The present invention relates, generally, to sensors, and, specifically, to level sensors for measuring fluid levels in multi-phase fluids.
Measurement of composition of multi-phase fluids, such as emulsions, is an important application in many industries. Determination of oil and water content of emulsions is essential at different stages in the crude oil production and refining stage. Characterization of emulsions is important in oil field management, separators, desalters, wastewater management systems, and oil quality control systems. It is important to know oil and water levels in mixtures obtained from a particular oil field to understand the overall health of the field, as well as to increase productivity and capacity of the field.
In vessel systems such as separators, oil and water and other components present in the emulsion obtained from the well are separated from each other with the help of gravity and a difference of density between different components of the emulsion. In such separators volume of components is determined by observing the interface levels, and using measurement markings on the separator columns. It is also important to measure levels of different components in an emulsion like water-oil at various stages of production of oil from a cost standpoint. Underestimating water content in a particular emulsion can lead to serious cost implications in terms of procurement of additional instruments for separating water from oil. Wastewater management is another application where it is important to characterize emulsions.
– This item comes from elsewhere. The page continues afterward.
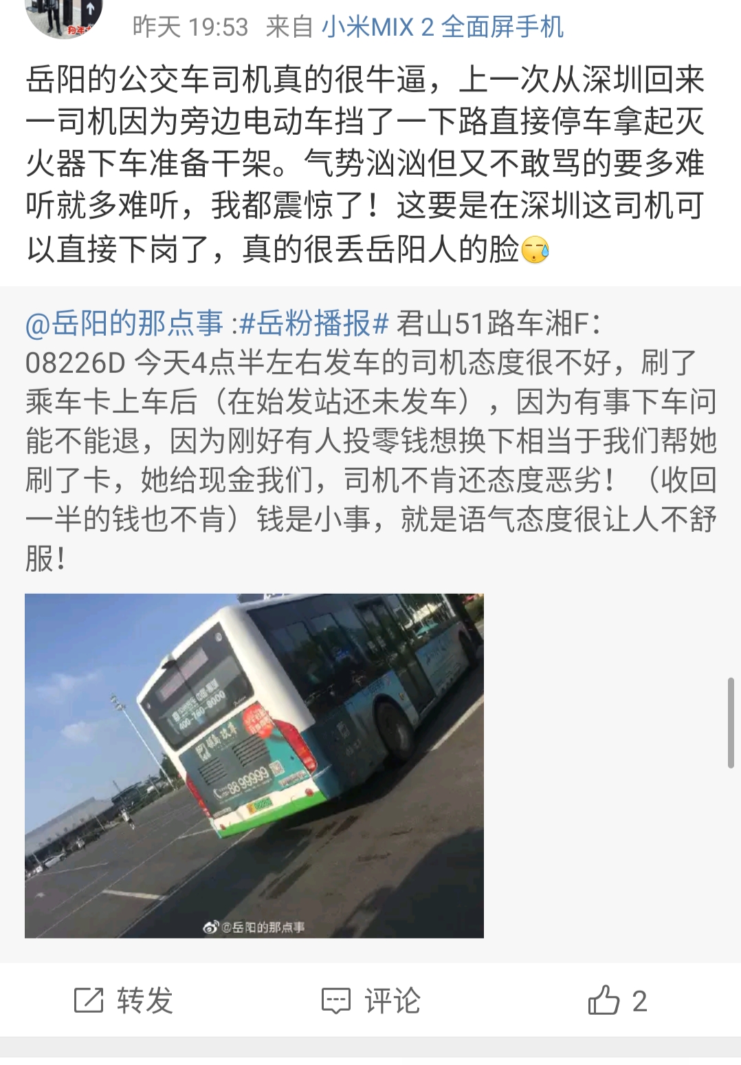 我不坐51路,但是从微博上,新闻上,其他曝光途径我最少看到过四个51路吐糟司机的时间不是,什么不让老人上车,什么违法形式,还有今天服务态度,岳阳这么多线路虽然别的线路也有态度投诉,但也是极少。像51路这种隔断时间看见一次投诉,吐糟的51路第一没人第二,不知道君山公交公司是怎么培养司机素质以及服务态度的问题的。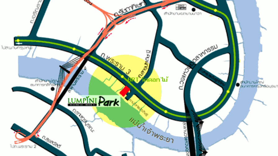 - ใกล้อาคารสำนักงานคิงส์บริดจ์ ทาวเวอร์, ธนาคารกรุงศรีอยุธยา สำนักพระรามที่ 3 และ ศุภาลัย แกรนด์ ทาวเวอร์

To measure oil-water composition in emulsions, demulsifiers are mixed with the emulsion and stirred to separate oil and water in the mixture. Typically, operators visually observe the level of water that gets accumulated to determine levels of water in the emulsion. This technique is prone to human errors and may lead to subsequent errors in selection of demulsifiers required to be used in vessel management systems, waste water management systems and the like.
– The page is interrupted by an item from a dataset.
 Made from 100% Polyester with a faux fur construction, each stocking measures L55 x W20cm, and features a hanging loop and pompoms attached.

Many types of level and interface instruments have been contemplated over the years and a subset of those have been commercialized. Among those are gamma-ray sensors, guided wave sensors, magnetostrictive sensors, microwave sensors, ultrasonic sensors, single plate capacitance/admittance sensors, segmented capacitance sensors, inductive sensors, and computed tomography sensors. Each of the sensors has advantages and disadvantages. Some of the sensors are prohibitively expensive for many users. Some of the sensors may require a cooling jacket to perform at operating temperatures (above 125° C.). Some interface instruments require a clear interface to work, which can be problematic when working with diffuse emulsions. Some are susceptible to fouling. Other sensors do not have the ability to provide a profile of the tank, but rather monitor discreet points in the desalting process. Systems using electrodes are susceptible to the shorting of electrodes in high salinity applications and are susceptible to fouling. Finally, many of these systems are complex and difficult to implement.
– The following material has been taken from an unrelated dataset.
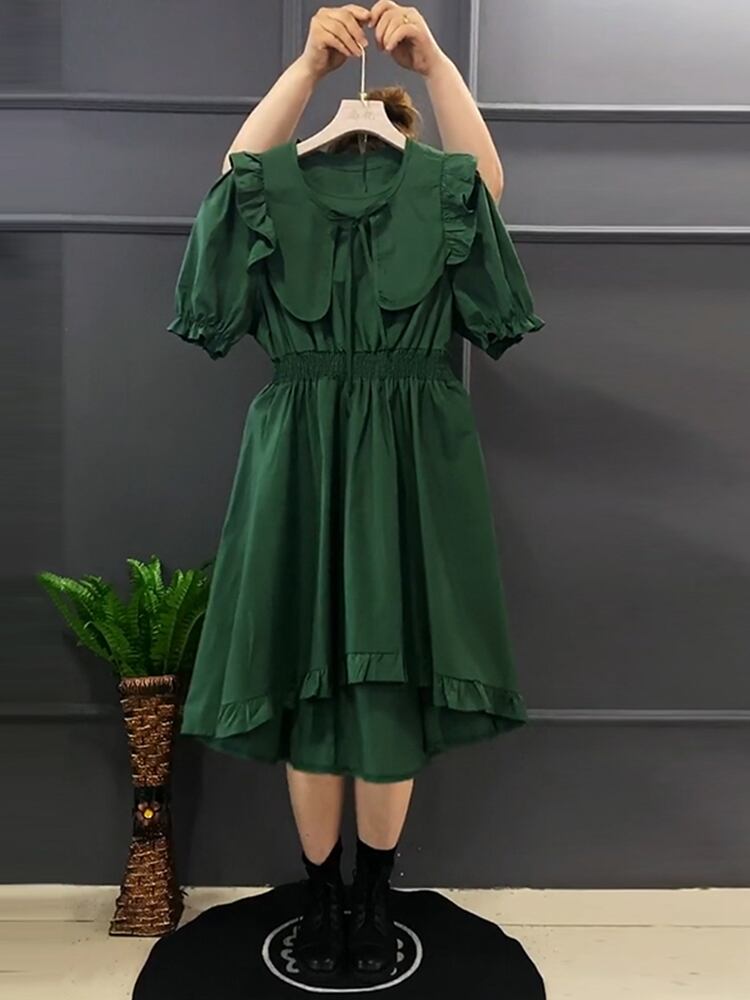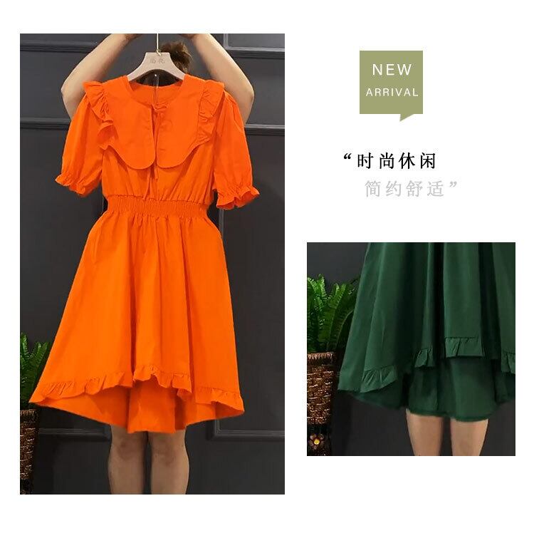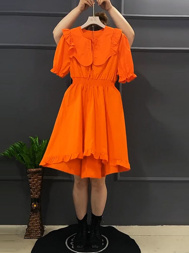 サマードレス カラーウェスト薄手スカート レッド 大きめサイズ 夏物 ミックスインファッション32937296695

Some existing sensor systems have used individual capacitive elements to measure fluid levels. A key limitation of those sensor systems is their inability to simultaneously quantify several components in the liquid. Capacitance methods have been used to measure dielectric constant of a liquid using specially designed electrodes for capacitance measurements. These designs are restricted by the need for separate types of electrodes for capacitance measurements and for conductivity measurements. Inductor capacitor circuits also have been used to monitor the fluid level in a container using an electromagnetic resonator where change in capacitance was related to fluid level and fluid type. However, it has been the consensus of those of ordinary skill in the art that the filling of the resonator by a conducting liquid increased the uncertainties and noise in measurements by about one order of magnitude as compared to the values in a non-conducting fluid such as in air. However, these methods do not provide accurate measurements of concentrations of individual analytes at the limits of their minimum and maximum concentrations in the mixture.
With existing sensor systems, no one system is capable of delivering a combination of low cost, high sensitivity, favorable signal-to-noise ratio, high selectivity, high accuracy, and high data acquisition speeds. Additionally no existing system has been described as capable of accurately characterizing or quantifying fluid mixtures where one of the fluids is at a low concentration.
Hence, there is a need for a method and a system that aids in automated measurement of components of a multi-phase fluid.